Enzyme + Substrate → Enzyme-substrate complex ↔ Enzyme + Products
Induced Fit Model
The action of enzymes can be inhibited. One mechanism of enzyme inhibition has a molecule bonding to the enzyme protein at another site other than the active site. This changes the shape of the protein and prevents the substrate from bonding at the active site. This mechanism is used to control the action of certain enzymes.
Cofactors: Some enzymes require another molecule to be present for proper functioning of the enzyme. Cofactors can be inorganic ions (Zn2+, Mg2+, …) or organic molecules.
Coenzyme: A cofactor that is a nonprotein organic molecule.
Apoenzyme: Pure protein part of an enzyme.
Diabetic test strips use two enzymes to measure blood sugar. One enzyme catalyzes the oxidation of glucose, producing hydrogen peroxide as a by-product.

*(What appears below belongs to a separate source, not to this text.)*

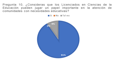 En la figura 10 ¿Consideras que los Licenciados en Ciencias de la Educación pueden jugar un papel importante en la atención de comunidades con necesidades educativas? El 91% de los encuestados considera que los futuros Licenciados en Ciencias de la Educación pueden jugar un papel importante en la atención de comunidades con necesidades educativas, mientras que el otro 9% consideró que tal vez.
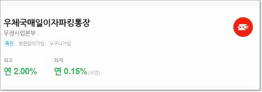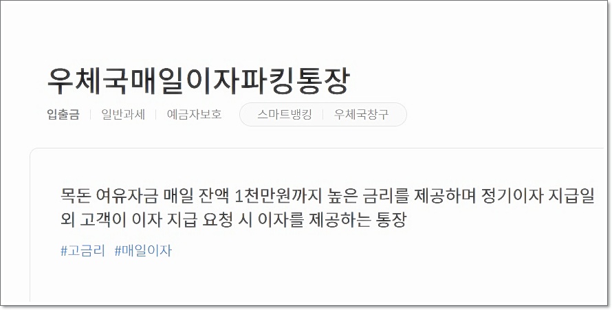 뉴 잡다지식 여러분들 안녕하세요, 오늘은 안정적인 이자 수익을 원하는 분들을 위해 우체국의 ‘매일이자 파킹통장’에 대해 자세히 소개해드리려고 합니다, 매일이자 파킹통장은 계좌에 입금된 돈에 대해 매일 이자가 계산되어 지급되는 특징이 있어, 단기 자금 운용이나 여유 자금을 효율적으로 관리하고 싶은 분들에게 적합합니다, 특히 은행 예금과 비교했을 때 비교적 높은 금리를 제공하며, 자동 입출금이 가능해 자금 유동성이 필요한 분들에게도 유용합니다, 계좌 개설 방법과 금리, 수수료, 입출금 조건 등도 간단히 확인할 수 있어 처음 이용하는 분들도 쉽게 접근할 수 있습니다, 이번 글에서는 매일이자 파킹통장의 특징과 장단점, 활용 방법까지 구체적으로 안내해드리겠습니다, 안정적인 재테크와 효율적인 자금 운용을 위해 관심 있는 분들은 이번 정보를 참고하여 자신에게 맞는 활용법을 찾아보시길 바랍니다.

The other enzyme catalyzes the breakdown of hydrogen peroxide and oxidizes a dye to produce a color change.
Enzymes can be monitored to diagnose liver damage or heart damage.
Enzymes can also be used to break up clots after a heart attack or to increase clotting to treat hemophelia.
Enzymes have many industrial applications including the production of baby foods, beer, sweeteners for soft drinks, animal feeds, and blue jeans.
Enzymes are used in stain removers and meat tenderizers. Those that are lactose-intolerant can also take enzymes to reduce the discomfort caused by ingesting dairy foods. Worldwide production of enzymes is worth more than $1 billion per year.
Nucleic acids serve as the information and control centers of the cell. They are in two major forms: deoxyribonucleic acid (DNA) and ribonucleic acid (RNA). Both consist of long chains called nucleotides. Each nucleotide is composed of a sugar unit, phosphate unit, and a heterocyclic amine base.